- [Problem to work on] Your output should be exactly the lines from the one containing "سوشل میڈیا پر" through the final line of the records, both included, with every picture left out.

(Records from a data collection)
————————
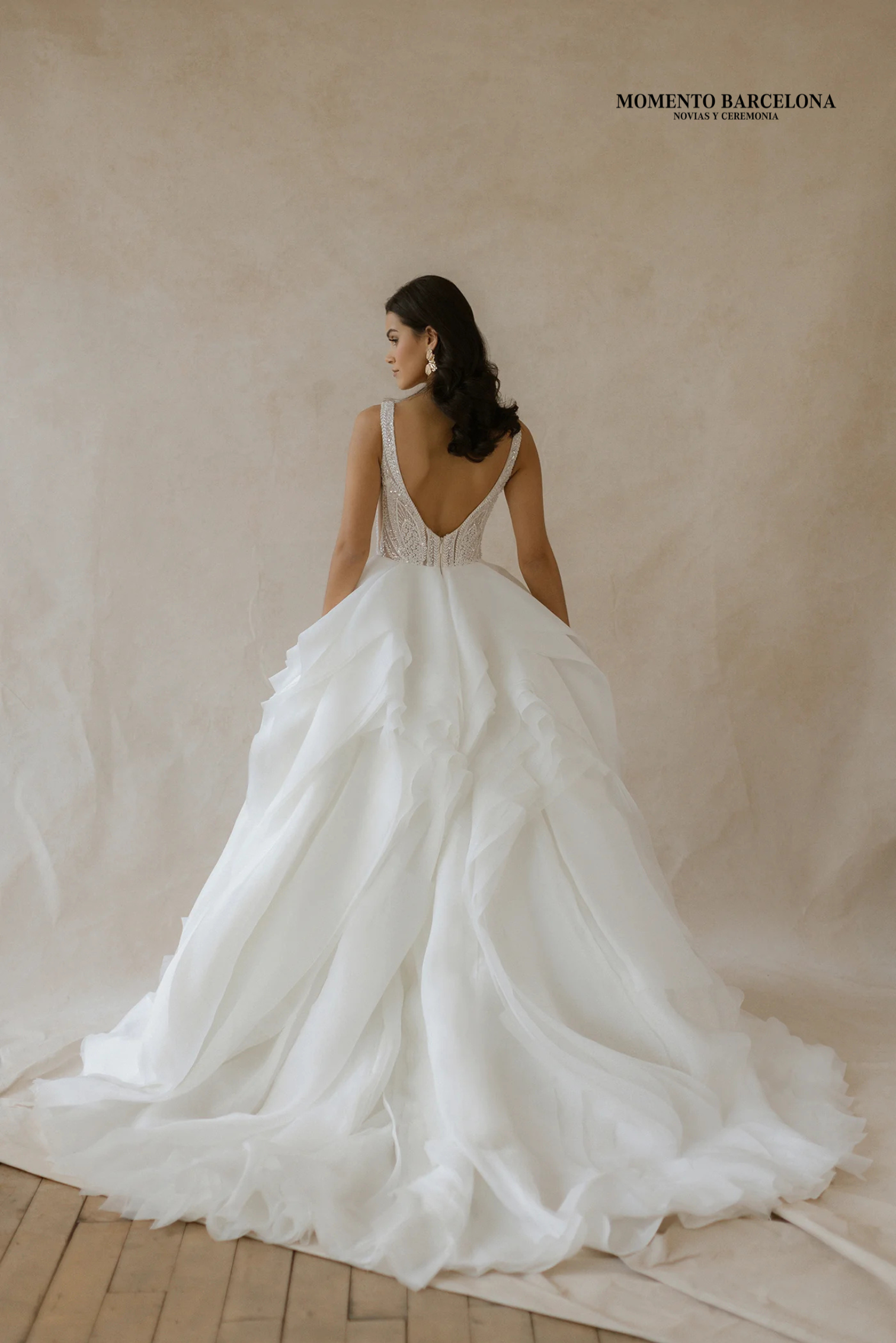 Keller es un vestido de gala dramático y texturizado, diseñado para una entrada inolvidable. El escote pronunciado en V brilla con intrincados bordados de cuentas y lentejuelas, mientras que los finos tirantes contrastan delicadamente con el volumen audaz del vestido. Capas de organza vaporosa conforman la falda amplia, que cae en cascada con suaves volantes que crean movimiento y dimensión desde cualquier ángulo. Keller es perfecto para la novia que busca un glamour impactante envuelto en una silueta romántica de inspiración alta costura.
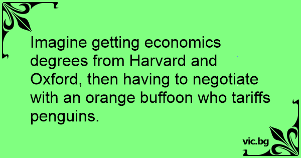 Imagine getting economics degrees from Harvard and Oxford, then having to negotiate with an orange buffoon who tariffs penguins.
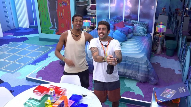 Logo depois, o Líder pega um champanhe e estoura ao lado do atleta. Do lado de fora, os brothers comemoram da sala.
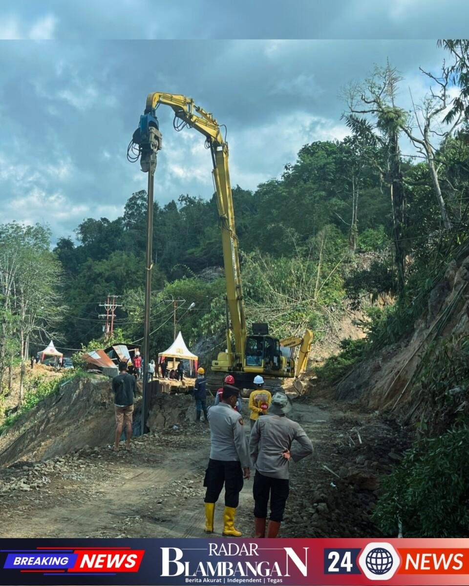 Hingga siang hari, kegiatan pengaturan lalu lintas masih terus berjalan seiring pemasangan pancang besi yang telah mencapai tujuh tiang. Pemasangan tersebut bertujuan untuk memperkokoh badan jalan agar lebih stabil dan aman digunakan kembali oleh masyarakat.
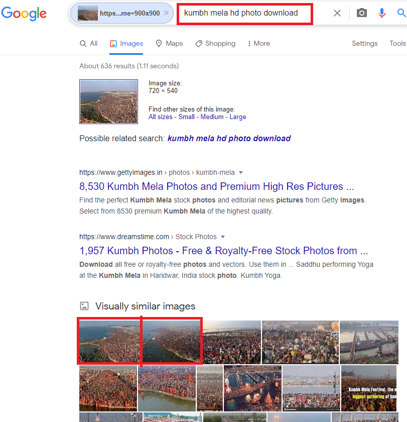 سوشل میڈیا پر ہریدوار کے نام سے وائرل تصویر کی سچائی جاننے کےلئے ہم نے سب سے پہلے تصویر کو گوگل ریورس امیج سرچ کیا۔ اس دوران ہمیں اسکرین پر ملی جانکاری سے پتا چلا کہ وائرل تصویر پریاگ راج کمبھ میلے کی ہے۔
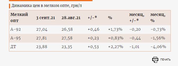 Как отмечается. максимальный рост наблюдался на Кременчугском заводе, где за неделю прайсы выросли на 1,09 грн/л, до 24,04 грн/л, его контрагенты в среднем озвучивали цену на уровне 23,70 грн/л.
————————
- [Exercise solution]
 سوشل میڈیا پر ہریدوار کے نام سے وائرل تصویر کی سچائی جاننے کےلئے ہم نے سب سے پہلے تصویر کو گوگل ریورس امیج سرچ کیا۔ اس دوران ہمیں اسکرین پر ملی جانکاری سے پتا چلا کہ وائرل تصویر پریاگ راج کمبھ میلے کی ہے۔
 Как отмечается. максимальный рост наблюдался на Кременчугском заводе, где за неделю прайсы выросли на 1,09 грн/л, до 24,04 грн/л, его контрагенты в среднем озвучивали цену на уровне 23,70 грн/л.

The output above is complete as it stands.